= What is needed =
Reproduce exactly only the lines from the line that holds "เราก็เลยจัดการเปิด GPS เพราะขับไปเองไม่ถูกทางแน่ๆ" to the line that holds "Contents Packaging material", inclusive, in the listing below, and please leave out every picture.

[Dataset excerpts — start]

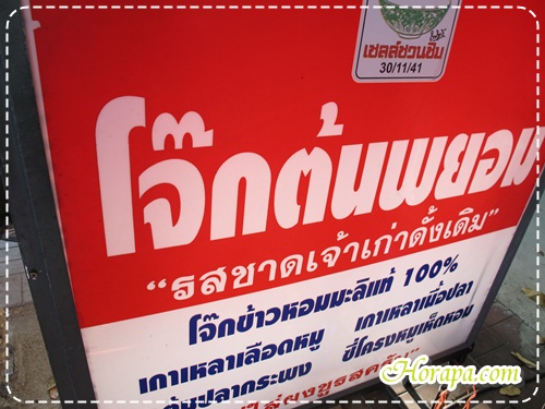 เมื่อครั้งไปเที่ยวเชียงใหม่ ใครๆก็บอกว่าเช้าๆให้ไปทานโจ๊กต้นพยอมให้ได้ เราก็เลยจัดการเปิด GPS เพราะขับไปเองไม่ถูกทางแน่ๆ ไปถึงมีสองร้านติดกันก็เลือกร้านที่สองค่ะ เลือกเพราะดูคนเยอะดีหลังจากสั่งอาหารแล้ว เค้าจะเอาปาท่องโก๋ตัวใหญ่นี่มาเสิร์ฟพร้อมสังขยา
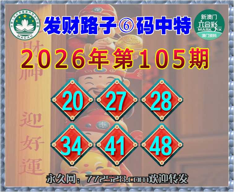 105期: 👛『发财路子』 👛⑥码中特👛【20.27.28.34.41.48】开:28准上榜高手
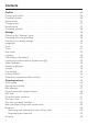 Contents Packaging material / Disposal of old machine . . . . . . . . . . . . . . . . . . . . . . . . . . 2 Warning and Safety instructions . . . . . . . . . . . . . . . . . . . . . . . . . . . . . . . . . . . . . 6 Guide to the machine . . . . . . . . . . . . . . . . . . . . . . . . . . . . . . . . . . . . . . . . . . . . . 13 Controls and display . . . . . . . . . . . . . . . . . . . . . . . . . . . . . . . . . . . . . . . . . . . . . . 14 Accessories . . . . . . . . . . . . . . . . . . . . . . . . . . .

[Dataset excerpts — finish]
[Dataset excerpts — start]

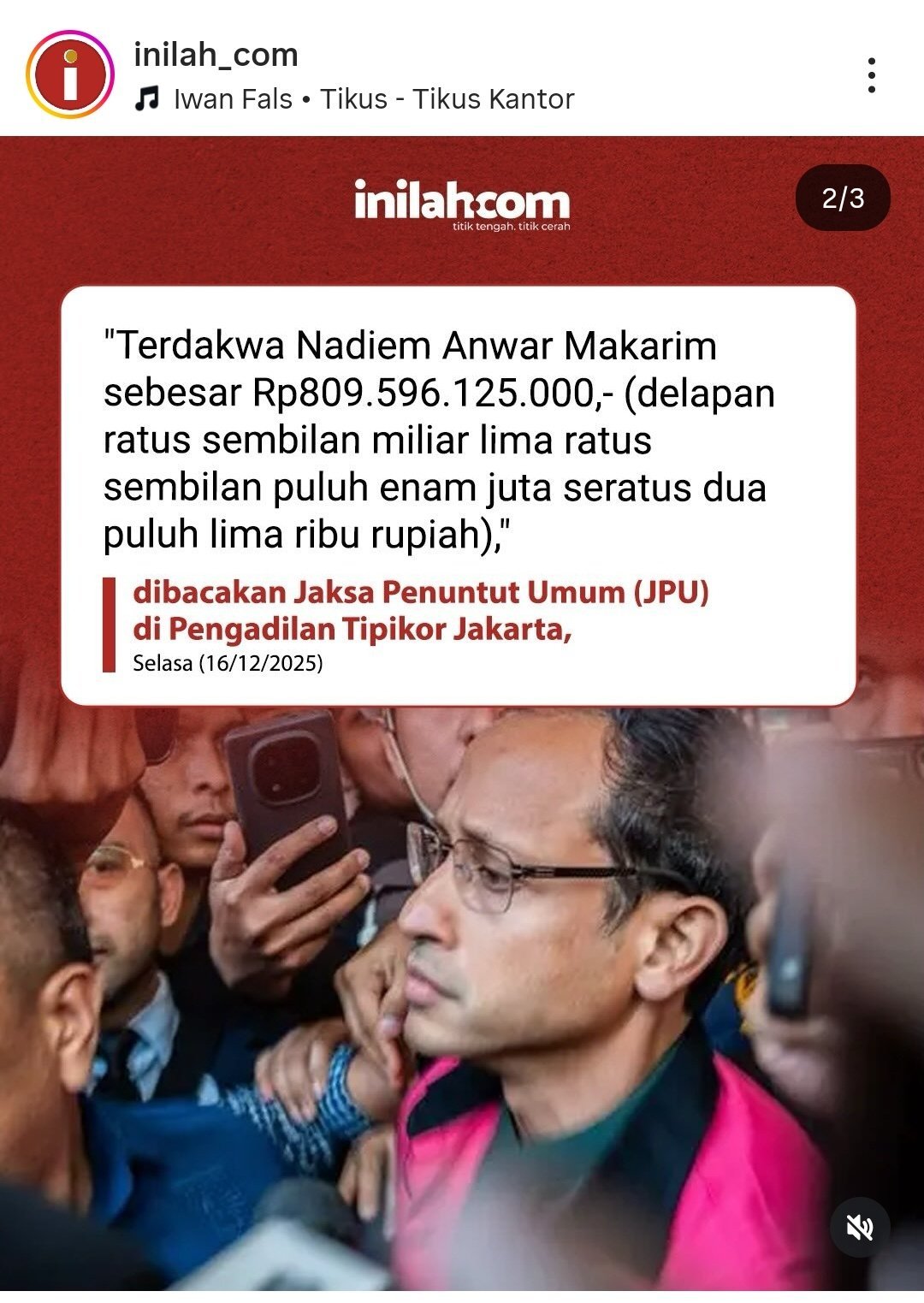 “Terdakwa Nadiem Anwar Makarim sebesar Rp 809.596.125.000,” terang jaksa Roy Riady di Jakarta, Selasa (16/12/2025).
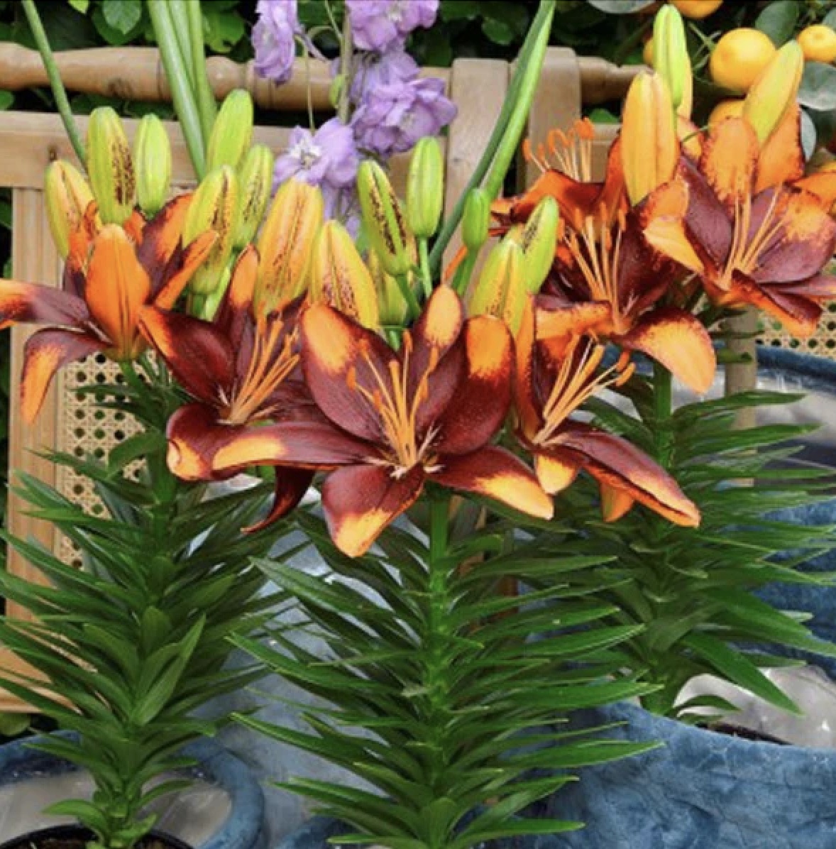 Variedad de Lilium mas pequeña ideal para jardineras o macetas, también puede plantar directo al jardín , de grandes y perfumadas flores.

[Dataset excerpts — finish]

= Answer to this exercise =
 เมื่อครั้งไปเที่ยวเชียงใหม่ ใครๆก็บอกว่าเช้าๆให้ไปทานโจ๊กต้นพยอมให้ได้ เราก็เลยจัดการเปิด GPS เพราะขับไปเองไม่ถูกทางแน่ๆ ไปถึงมีสองร้านติดกันก็เลือกร้านที่สองค่ะ เลือกเพราะดูคนเยอะดีหลังจากสั่งอาหารแล้ว เค้าจะเอาปาท่องโก๋ตัวใหญ่นี่มาเสิร์ฟพร้อมสังขยา
 105期: 👛『发财路子』 👛⑥码中特👛【20.27.28.34.41.48】开:28准上榜高手
 Contents Packaging material / Disposal of old machine . . . . . . . . . . . . . . . . . . . . . . . . . . 2 Warning and Safety instructions . . . . . . . . . . . . . . . . . . . . . . . . . . . . . . . . . . . . . 6 Guide to the machine . . . . . . . . . . . . . . . . . . . . . . . . . . . . . . . . . . . . . . . . . . . . . 13 Controls and display . . . . . . . . . . . . . . . . . . . . . . . . . . . . . . . . . . . . . . . . . . . . . . 14 Accessories . . . . . . . . . . . . . . . . . . . . . . . . . . .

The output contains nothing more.